PROBLEM TO SOLVE
Would you restate each entry word for word, omitting the pictures?

(Collected data entries)

══════════

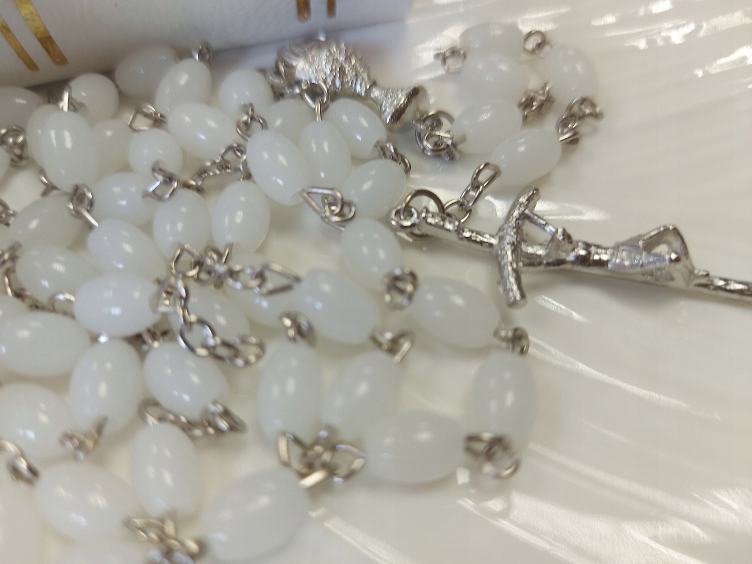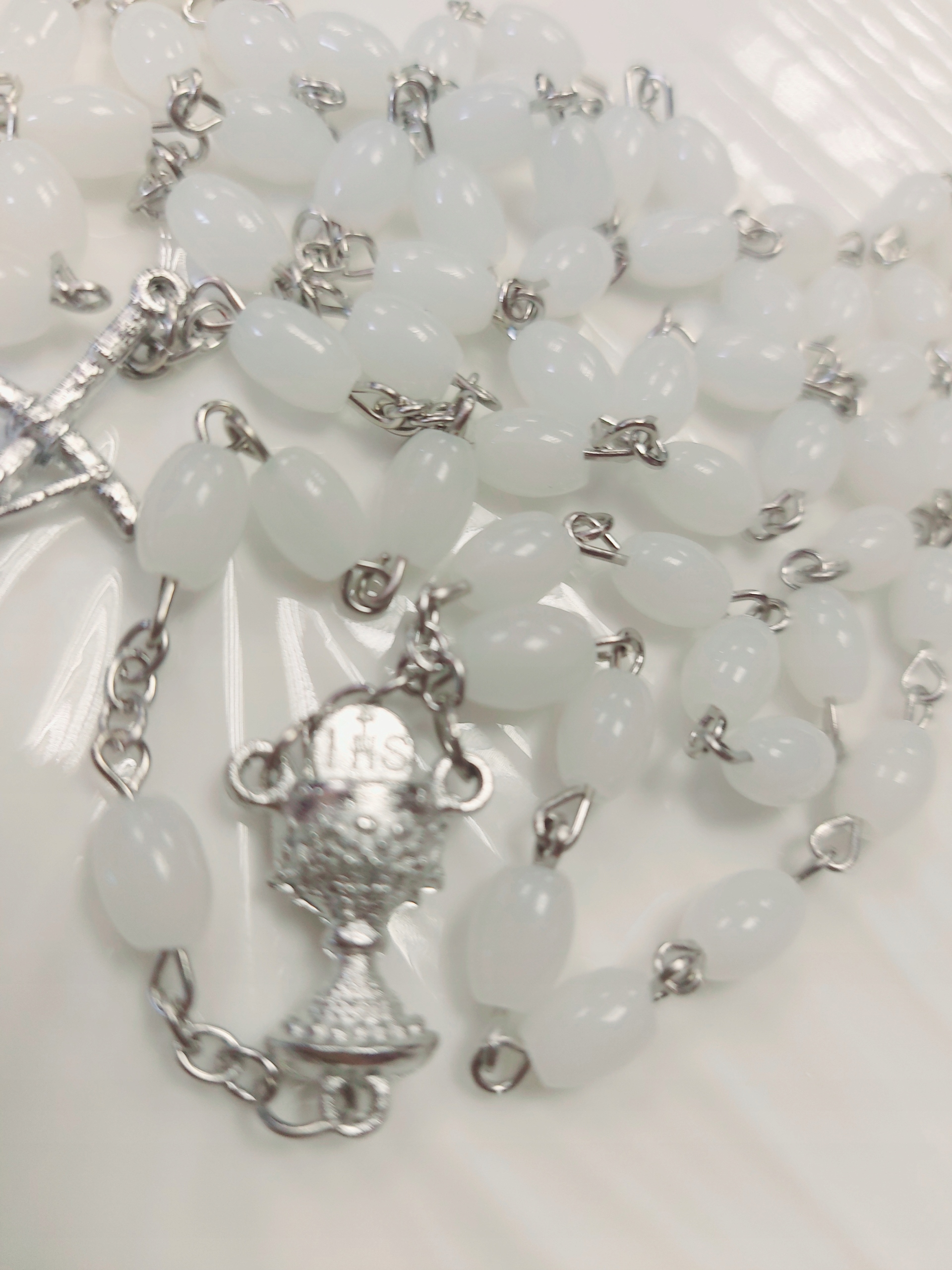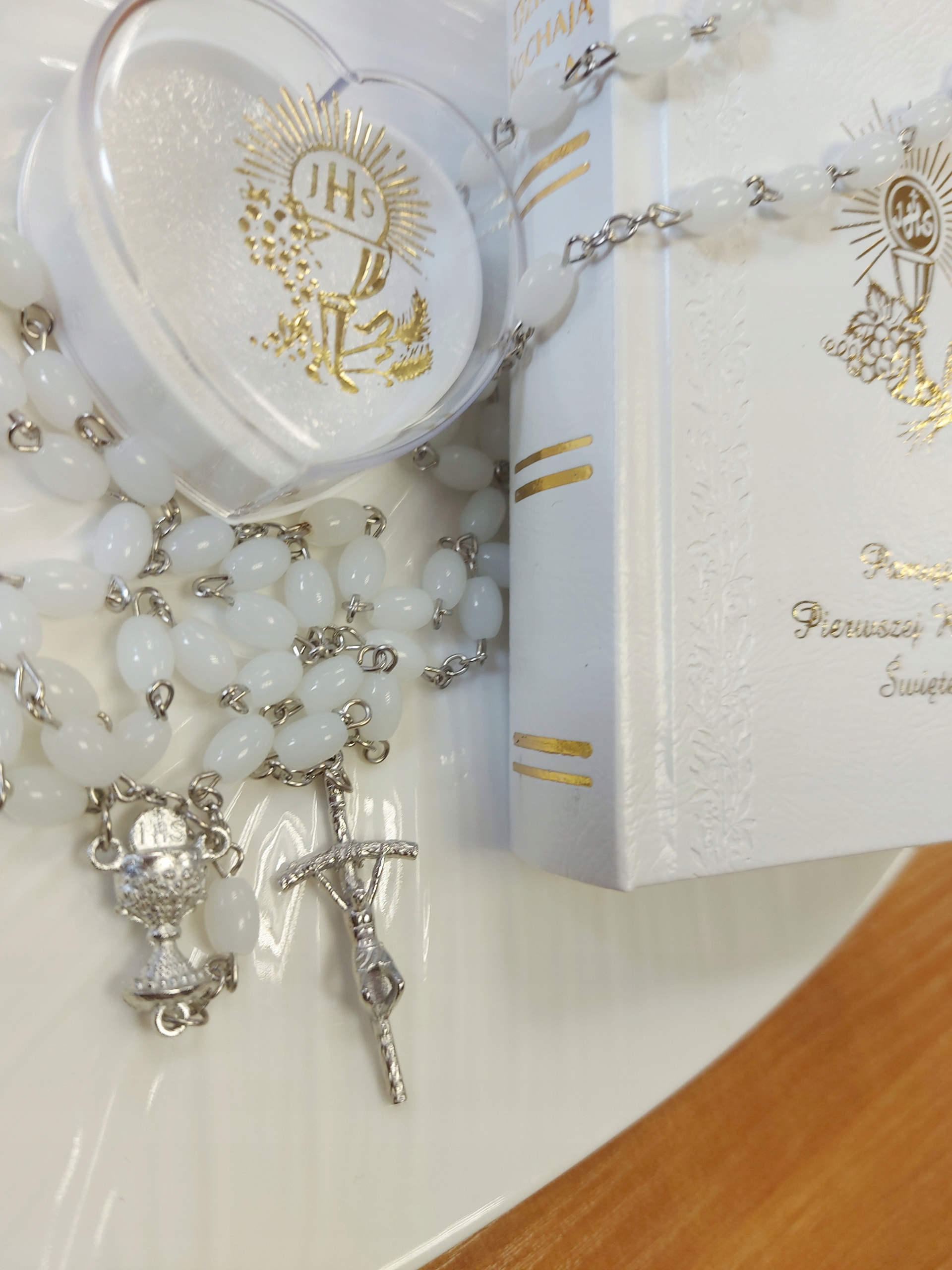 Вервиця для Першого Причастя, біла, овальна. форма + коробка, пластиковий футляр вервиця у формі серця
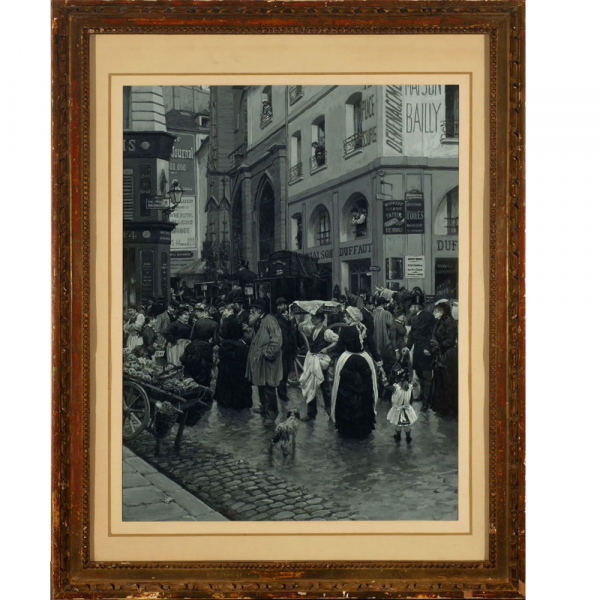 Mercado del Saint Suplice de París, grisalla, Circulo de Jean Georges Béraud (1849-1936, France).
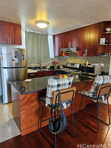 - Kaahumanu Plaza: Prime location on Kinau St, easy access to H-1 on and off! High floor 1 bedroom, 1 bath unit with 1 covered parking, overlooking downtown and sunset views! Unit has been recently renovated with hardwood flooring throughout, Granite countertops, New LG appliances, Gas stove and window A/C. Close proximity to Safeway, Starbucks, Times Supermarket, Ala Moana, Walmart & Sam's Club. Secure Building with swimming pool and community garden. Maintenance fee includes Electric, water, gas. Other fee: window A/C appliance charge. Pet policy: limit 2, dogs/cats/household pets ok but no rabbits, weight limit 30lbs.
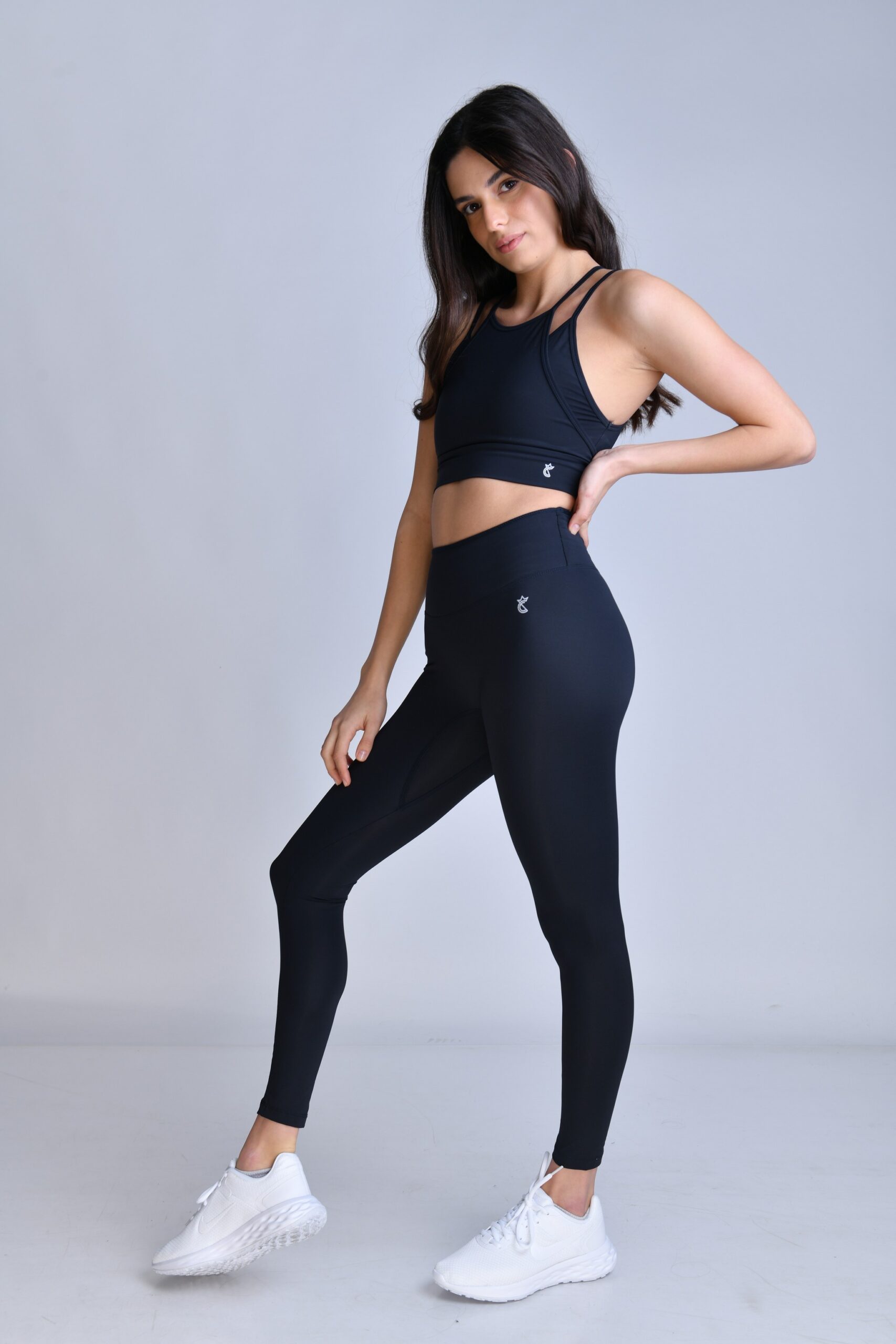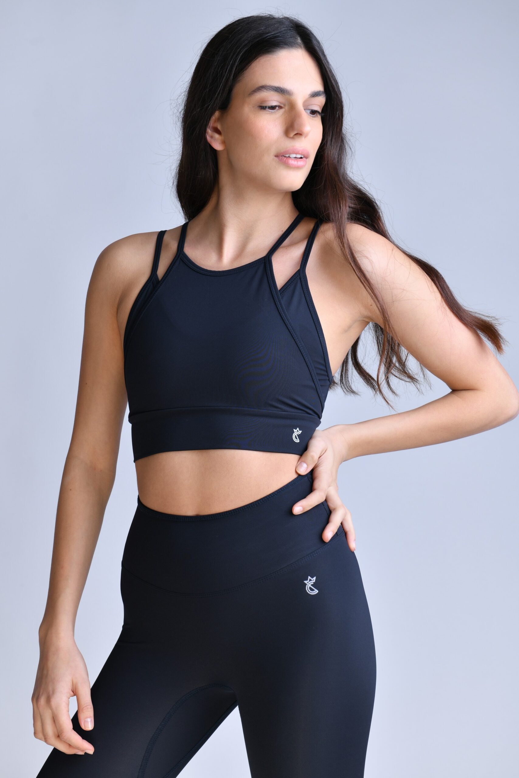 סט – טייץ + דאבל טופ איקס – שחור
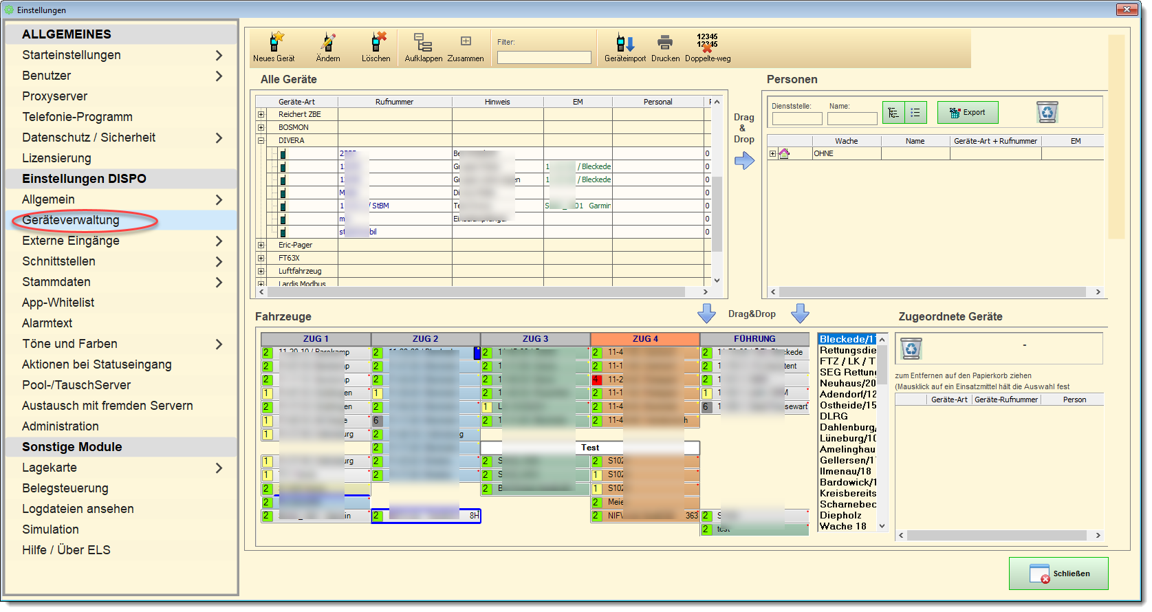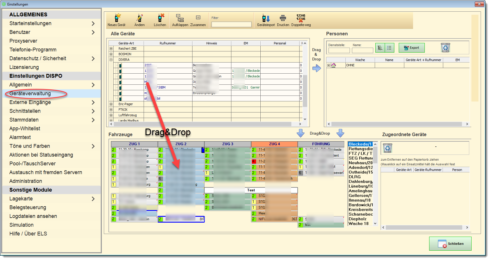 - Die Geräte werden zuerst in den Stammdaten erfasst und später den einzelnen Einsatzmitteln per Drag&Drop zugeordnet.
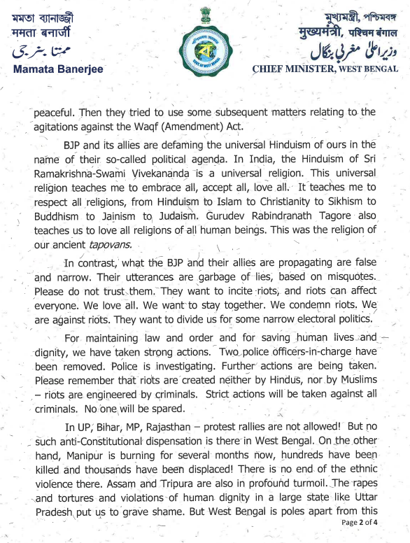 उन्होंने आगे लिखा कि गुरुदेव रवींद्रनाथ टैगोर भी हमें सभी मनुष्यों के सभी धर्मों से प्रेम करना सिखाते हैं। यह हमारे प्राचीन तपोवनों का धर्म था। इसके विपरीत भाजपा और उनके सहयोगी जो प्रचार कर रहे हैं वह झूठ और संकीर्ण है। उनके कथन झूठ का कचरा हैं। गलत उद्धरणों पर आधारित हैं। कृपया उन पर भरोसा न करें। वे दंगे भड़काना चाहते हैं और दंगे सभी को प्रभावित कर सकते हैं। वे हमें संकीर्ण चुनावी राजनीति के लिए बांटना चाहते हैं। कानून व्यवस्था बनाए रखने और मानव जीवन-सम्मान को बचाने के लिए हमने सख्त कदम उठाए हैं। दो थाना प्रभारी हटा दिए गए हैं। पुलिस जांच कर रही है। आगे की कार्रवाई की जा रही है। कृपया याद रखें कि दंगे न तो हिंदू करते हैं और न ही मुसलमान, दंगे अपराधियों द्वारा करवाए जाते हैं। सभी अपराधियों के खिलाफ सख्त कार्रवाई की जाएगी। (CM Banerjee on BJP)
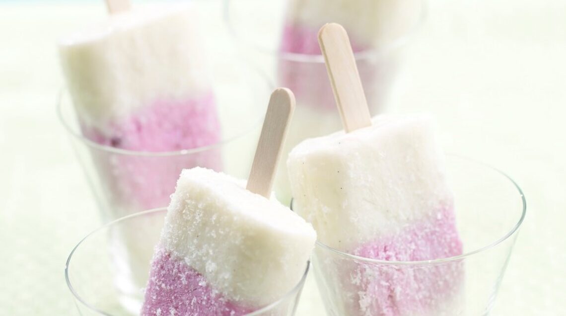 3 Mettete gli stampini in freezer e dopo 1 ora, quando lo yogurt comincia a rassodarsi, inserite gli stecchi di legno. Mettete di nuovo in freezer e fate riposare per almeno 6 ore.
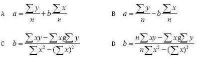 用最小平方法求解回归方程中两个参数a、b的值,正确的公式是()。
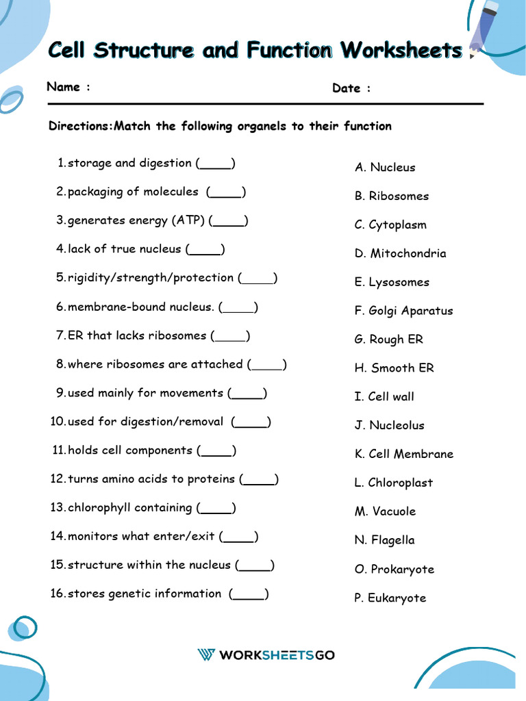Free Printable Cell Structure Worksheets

══════════

WRITTEN REPLY
 Вервиця для Першого Причастя, біла, овальна. форма + коробка, пластиковий футляр вервиця у формі серця
 Mercado del Saint Suplice de París, grisalla, Circulo de Jean Georges Béraud (1849-1936, France).
 - Kaahumanu Plaza: Prime location on Kinau St, easy access to H-1 on and off! High floor 1 bedroom, 1 bath unit with 1 covered parking, overlooking downtown and sunset views! Unit has been recently renovated with hardwood flooring throughout, Granite countertops, New LG appliances, Gas stove and window A/C. Close proximity to Safeway, Starbucks, Times Supermarket, Ala Moana, Walmart & Sam's Club. Secure Building with swimming pool and community garden. Maintenance fee includes Electric, water, gas. Other fee: window A/C appliance charge. Pet policy: limit 2, dogs/cats/household pets ok but no rabbits, weight limit 30lbs.
 סט – טייץ + דאבל טופ איקס – שחור
 - Die Geräte werden zuerst in den Stammdaten erfasst und später den einzelnen Einsatzmitteln per Drag&Drop zugeordnet.
 उन्होंने आगे लिखा कि गुरुदेव रवींद्रनाथ टैगोर भी हमें सभी मनुष्यों के सभी धर्मों से प्रेम करना सिखाते हैं। यह हमारे प्राचीन तपोवनों का धर्म था। इसके विपरीत भाजपा और उनके सहयोगी जो प्रचार कर रहे हैं वह झूठ और संकीर्ण है। उनके कथन झूठ का कचरा हैं। गलत उद्धरणों पर आधारित हैं। कृपया उन पर भरोसा न करें। वे दंगे भड़काना चाहते हैं और दंगे सभी को प्रभावित कर सकते हैं। वे हमें संकीर्ण चुनावी राजनीति के लिए बांटना चाहते हैं। कानून व्यवस्था बनाए रखने और मानव जीवन-सम्मान को बचाने के लिए हमने सख्त कदम उठाए हैं। दो थाना प्रभारी हटा दिए गए हैं। पुलिस जांच कर रही है। आगे की कार्रवाई की जा रही है। कृपया याद रखें कि दंगे न तो हिंदू करते हैं और न ही मुसलमान, दंगे अपराधियों द्वारा करवाए जाते हैं। सभी अपराधियों के खिलाफ सख्त कार्रवाई की जाएगी। (CM Banerjee on BJP)
 3 Mettete gli stampini in freezer e dopo 1 ora, quando lo yogurt comincia a rassodarsi, inserite gli stecchi di legno. Mettete di nuovo in freezer e fate riposare per almeno 6 ore.
 用最小平方法求解回归方程中两个参数a、b的值,正确的公式是()。
Free Printable Cell Structure Worksheets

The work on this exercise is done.